▸ **SUPPLIED INFORMATION**:
^^^^^^^^^^^^^^^^

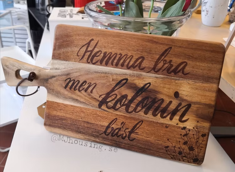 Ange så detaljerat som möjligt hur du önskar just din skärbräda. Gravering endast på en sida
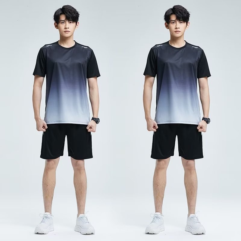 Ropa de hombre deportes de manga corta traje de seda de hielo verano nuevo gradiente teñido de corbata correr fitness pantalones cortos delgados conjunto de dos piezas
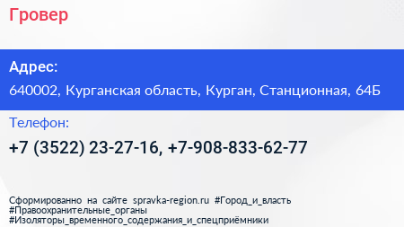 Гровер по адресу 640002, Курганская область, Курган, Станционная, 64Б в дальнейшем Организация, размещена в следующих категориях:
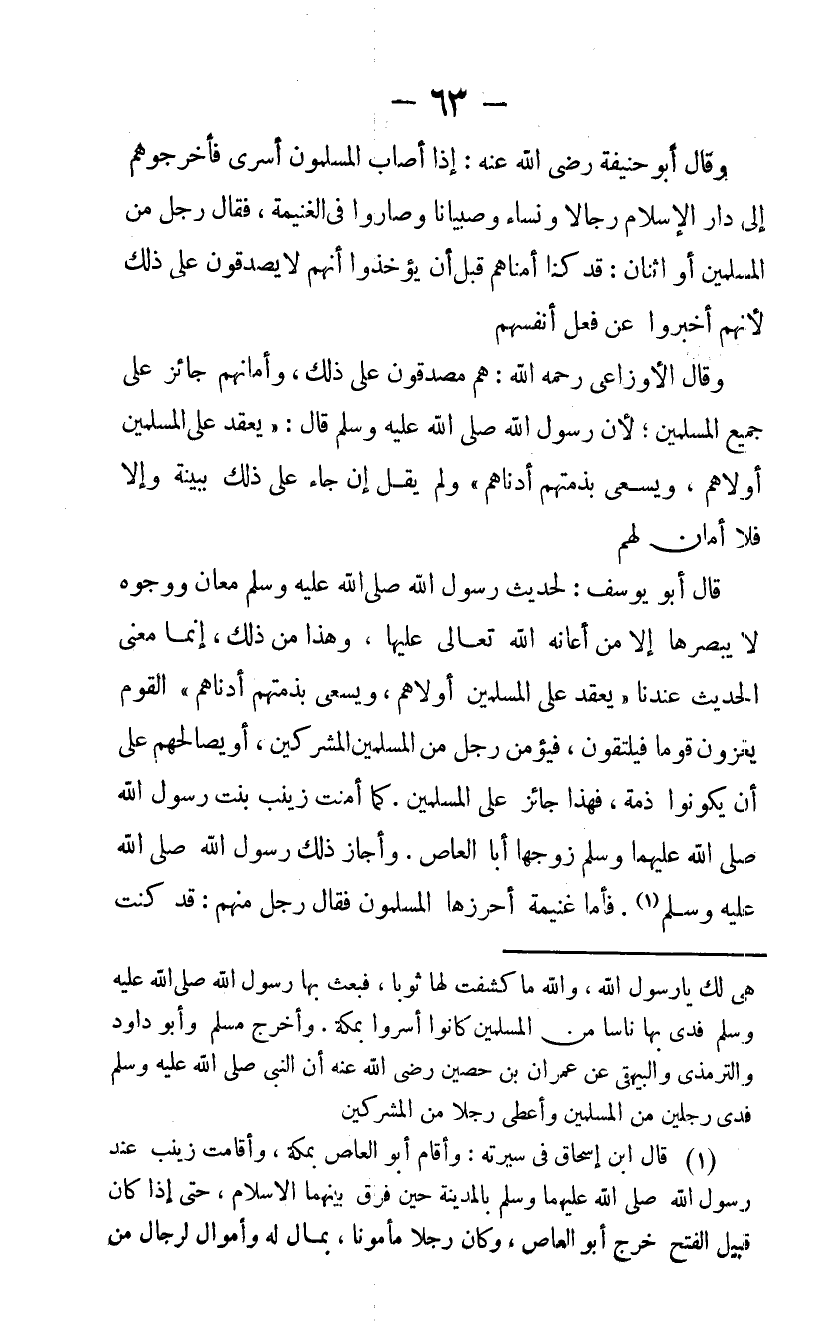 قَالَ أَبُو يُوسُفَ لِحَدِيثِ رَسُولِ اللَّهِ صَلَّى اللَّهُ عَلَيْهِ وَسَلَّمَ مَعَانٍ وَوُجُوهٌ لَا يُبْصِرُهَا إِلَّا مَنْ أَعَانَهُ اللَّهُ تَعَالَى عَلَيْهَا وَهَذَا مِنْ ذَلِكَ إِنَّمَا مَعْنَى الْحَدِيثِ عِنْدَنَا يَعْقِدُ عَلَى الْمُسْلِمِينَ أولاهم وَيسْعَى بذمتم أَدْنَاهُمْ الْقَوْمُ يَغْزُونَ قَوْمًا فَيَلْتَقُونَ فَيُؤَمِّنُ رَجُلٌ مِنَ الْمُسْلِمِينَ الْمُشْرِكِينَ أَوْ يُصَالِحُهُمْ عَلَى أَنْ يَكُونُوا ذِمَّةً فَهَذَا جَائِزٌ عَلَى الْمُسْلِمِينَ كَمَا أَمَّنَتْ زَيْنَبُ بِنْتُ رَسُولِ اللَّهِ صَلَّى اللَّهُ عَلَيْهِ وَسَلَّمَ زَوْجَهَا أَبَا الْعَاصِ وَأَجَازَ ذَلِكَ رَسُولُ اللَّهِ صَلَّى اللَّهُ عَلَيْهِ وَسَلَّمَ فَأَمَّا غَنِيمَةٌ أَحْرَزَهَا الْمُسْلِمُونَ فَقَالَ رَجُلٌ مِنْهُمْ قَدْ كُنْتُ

^^^^^^^^^^^^^^^^

In your copy, the listing above should appear word for word, with no images.

 Ange så detaljerat som möjligt hur du önskar just din skärbräda. Gravering endast på en sida
 Ropa de hombre deportes de manga corta traje de seda de hielo verano nuevo gradiente teñido de corbata correr fitness pantalones cortos delgados conjunto de dos piezas
 Гровер по адресу 640002, Курганская область, Курган, Станционная, 64Б в дальнейшем Организация, размещена в следующих категориях:
 قَالَ أَبُو يُوسُفَ لِحَدِيثِ رَسُولِ اللَّهِ صَلَّى اللَّهُ عَلَيْهِ وَسَلَّمَ مَعَانٍ وَوُجُوهٌ لَا يُبْصِرُهَا إِلَّا مَنْ أَعَانَهُ اللَّهُ تَعَالَى عَلَيْهَا وَهَذَا مِنْ ذَلِكَ إِنَّمَا مَعْنَى الْحَدِيثِ عِنْدَنَا يَعْقِدُ عَلَى الْمُسْلِمِينَ أولاهم وَيسْعَى بذمتم أَدْنَاهُمْ الْقَوْمُ يَغْزُونَ قَوْمًا فَيَلْتَقُونَ فَيُؤَمِّنُ رَجُلٌ مِنَ الْمُسْلِمِينَ الْمُشْرِكِينَ أَوْ يُصَالِحُهُمْ عَلَى أَنْ يَكُونُوا ذِمَّةً فَهَذَا جَائِزٌ عَلَى الْمُسْلِمِينَ كَمَا أَمَّنَتْ زَيْنَبُ بِنْتُ رَسُولِ اللَّهِ صَلَّى اللَّهُ عَلَيْهِ وَسَلَّمَ زَوْجَهَا أَبَا الْعَاصِ وَأَجَازَ ذَلِكَ رَسُولُ اللَّهِ صَلَّى اللَّهُ عَلَيْهِ وَسَلَّمَ فَأَمَّا غَنِيمَةٌ أَحْرَزَهَا الْمُسْلِمُونَ فَقَالَ رَجُلٌ مِنْهُمْ قَدْ كُنْتُ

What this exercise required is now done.